» **THE PROBLEM**
Copy the listing exactly, images excluded.

» **PROVIDED MATERIAL**
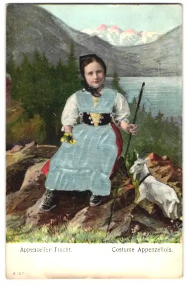 AK Kleines Mädchen mit Zicklein in Appenzeller Tracht
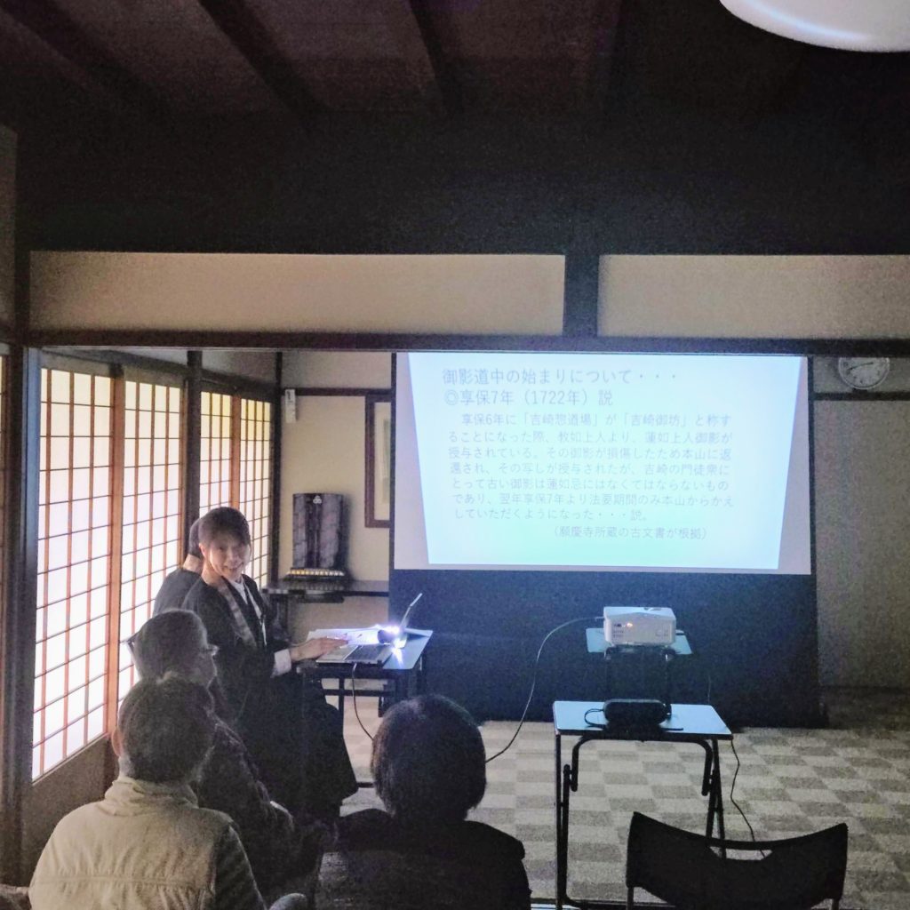蓮如上人ゆかりの寺である当寺ですので、副住職が蓮如上人のご生涯や当寺の縁起、また御影道中のお話などをいたしました。今年はプロジェクターをつかって、パワーポイント資料やyoutubeの映像も交えながら話をしました。
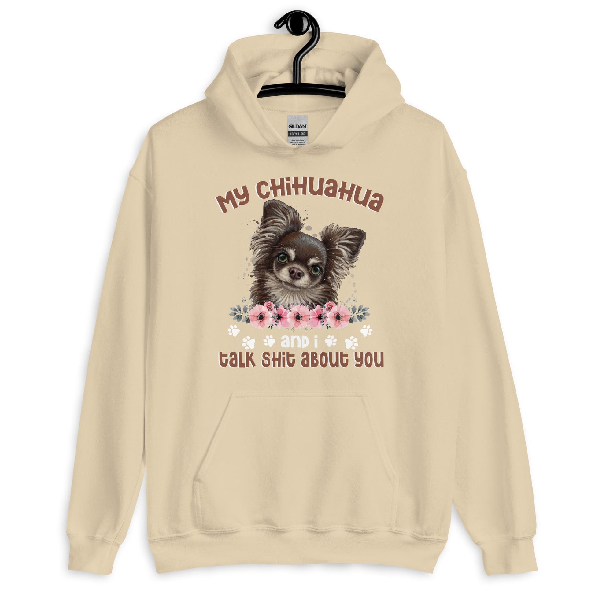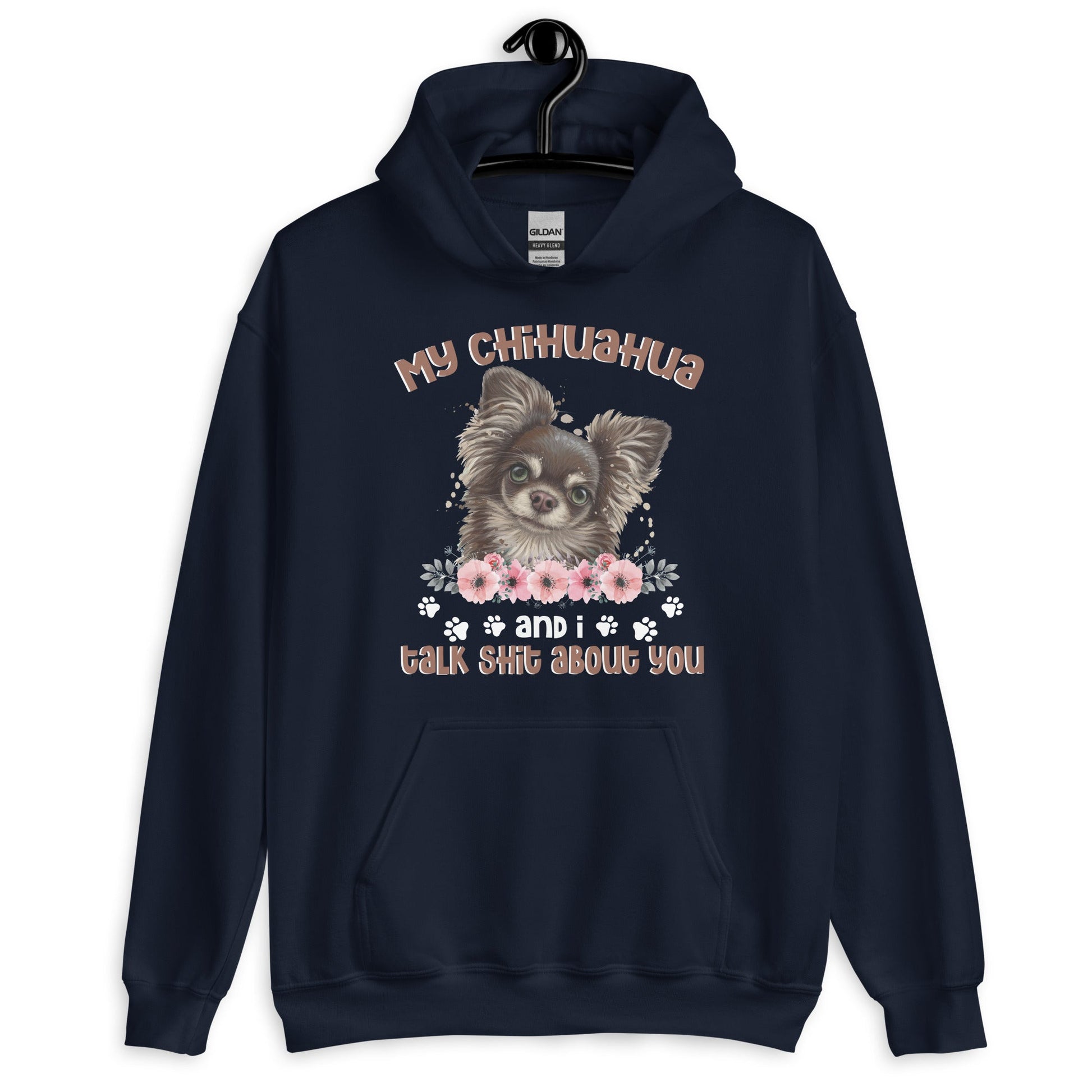 My Chihuahua And I Talk Shit About You Hoodies are printed in USA
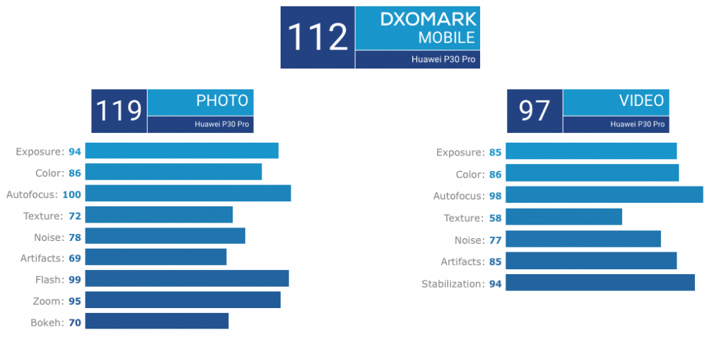 En el apartado de video nos llevamos otra sorpresa, ya que el Huawei P30 Pro obtuvo 97 puntos que no es para nada de mal, pero nos llama mucho la atención que el Huawei P20 Pro obtuvo 98 puntos, cuando se «suponía» que el P30 Pro grabaría mucho mejor los videos. Eso tendremos que probarlo cuando se realice el review.

» **WRITTEN REPLY**
 AK Kleines Mädchen mit Zicklein in Appenzeller Tracht
蓮如上人ゆかりの寺である当寺ですので、副住職が蓮如上人のご生涯や当寺の縁起、また御影道中のお話などをいたしました。今年はプロジェクターをつかって、パワーポイント資料やyoutubeの映像も交えながら話をしました。
 My Chihuahua And I Talk Shit About You Hoodies are printed in USA
 En el apartado de video nos llevamos otra sorpresa, ya que el Huawei P30 Pro obtuvo 97 puntos que no es para nada de mal, pero nos llama mucho la atención que el Huawei P20 Pro obtuvo 98 puntos, cuando se «suponía» que el P30 Pro grabaría mucho mejor los videos. Eso tendremos que probarlo cuando se realice el review.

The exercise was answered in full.